Murder, betrayal, fortunes lost, a Quincy Jones lawsuit, and a passion for singing and playing together are all part of the history of local British influenced new wave band Quincy. They came out of the famous New York City punk scene in 1978 at CBGBs.
Quincy signed the biggest record deal in history for a new band in 1980 with the biggest record company in the world. But who the hell are they? Let’s back up.
The two sets of songwriting brothers rented an old house in Collingswood, NJ in 1975 and formed the band. Friends from Haddon Heights High School, Steve & Brian Butler with Alex & Gerald (Emerick) Takach began playing local bars in the area like The Library II and The Red Apple (later The Galaxy). Drummer Mike Governa joined up at that time.
They caught the ear of promoter Don Driggs who offered a tour of the midwest playing South Dakota, Iowa, and Minnesota ballrooms. Unwilling to travel Mike Governa left the band and Bob Holden joined up. The band honed it’s skills and built a solid act. Upon their return while playing at a bar in Philadelphia (JC Dobbs) one of the members, Alex Takach, was stabbed to death in a random act of violence. A horrific turn of events. (The murder was never solved.)
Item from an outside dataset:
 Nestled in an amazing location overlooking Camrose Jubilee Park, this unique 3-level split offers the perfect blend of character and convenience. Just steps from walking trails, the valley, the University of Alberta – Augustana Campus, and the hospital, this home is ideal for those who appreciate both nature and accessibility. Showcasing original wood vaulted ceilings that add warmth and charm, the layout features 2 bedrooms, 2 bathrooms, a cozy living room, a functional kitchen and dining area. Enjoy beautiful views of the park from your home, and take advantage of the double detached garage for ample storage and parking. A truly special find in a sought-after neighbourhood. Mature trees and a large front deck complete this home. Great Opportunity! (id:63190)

After several grieving months, the devastated band members decided to continue. The clubs in Philadelphia refuse to hire them because of their association with the murder. Around this time punk rock emerged from England and the angry disenfranchised youths from that movement found Quincy joining the ranks. It was at this time a friend from the local club scene Wally Smith AKA Metro joined the line-up adding his unique brand of mischief and mayhem on keys and the chemistry was formed.
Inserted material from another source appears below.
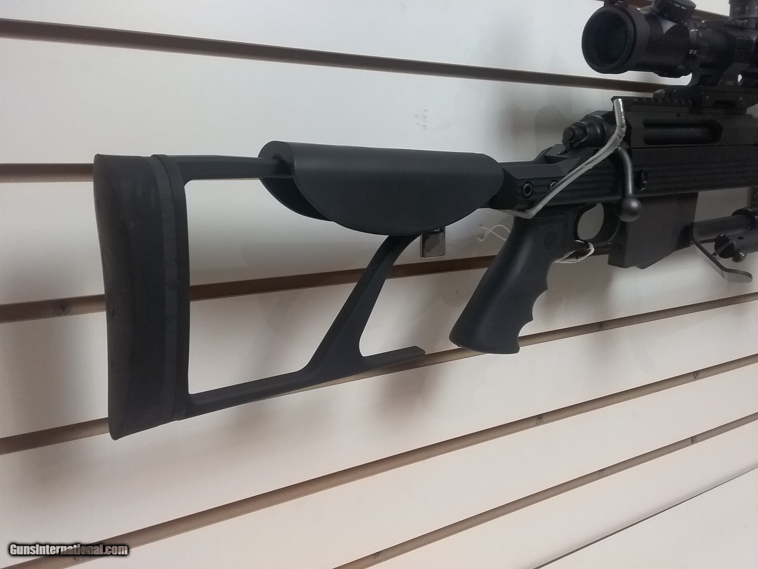 Description: ARMALITE AR-30 .338 Lapua ammo 5-round detachable box magazine . Weight is 12 pounds empty. 26 inch chrome-moly barrel, 6 groove, RH 1:10 inch twist and 48 inches overall length. The receiver is modified octagonal form, drilled and slotted for a scope rail. The bolt is a dual front locking lug. There is a Shilen standard single stage trigger with approximately a 5 LB. pull. Muzzle brake is standard on the .338 Lapua model. The scope rail is mil-standard with boss to engage cross-slot on the receiver. Stock comes in 3 sections, extruded forend, machine grip frame with vertical grip, forged and machined removable buttstock. The buttplate is vertically adjustable, specifically built for heavy calibers. Scope is a Millet 4-16x50 scope Includes 10 box 20 cart each 338 lapua ammo SOLD Serial Number: UB215569 |

Looking to get signed to a record deal they began playing in New York City at Max’s Kansas City, Great Gildersleeves, and CBGBs where owner Hilly Krystal took an interest and signed the band to a management contract and released their first single on CBGB records. Still playing clubs all over New Jersey they started playing CBGBs regularly.
Soon record labels took an interest and a bidding war for the band ensued. The excitement grew. Word of the the band’s good fortune and impending success brought some unwanted attention. Vultures wanting money and lawsuits from every crackpot the band had met along the way emerged. Even the famous Quincy Jones sued the band eventually preventing what should’ve been a meteoric rise to success and fame. The impact of that lawsuit delivered what would turn out to be the fatal blow. Forced to change the name and losing favor with Columbia Records things went south.
The band continued to write and record but after several years of trying to rebuild it’s momentum the members went their separate ways continuing on in various musical projects such as Smash Palace, Crosstown Traffic, Lulu Temple, and The Dukes of Destiny.
The songs, the music, the fun, and the friendship was always at the center. All these years later the same members of Quincy are coming together again. In New Jersey where it started.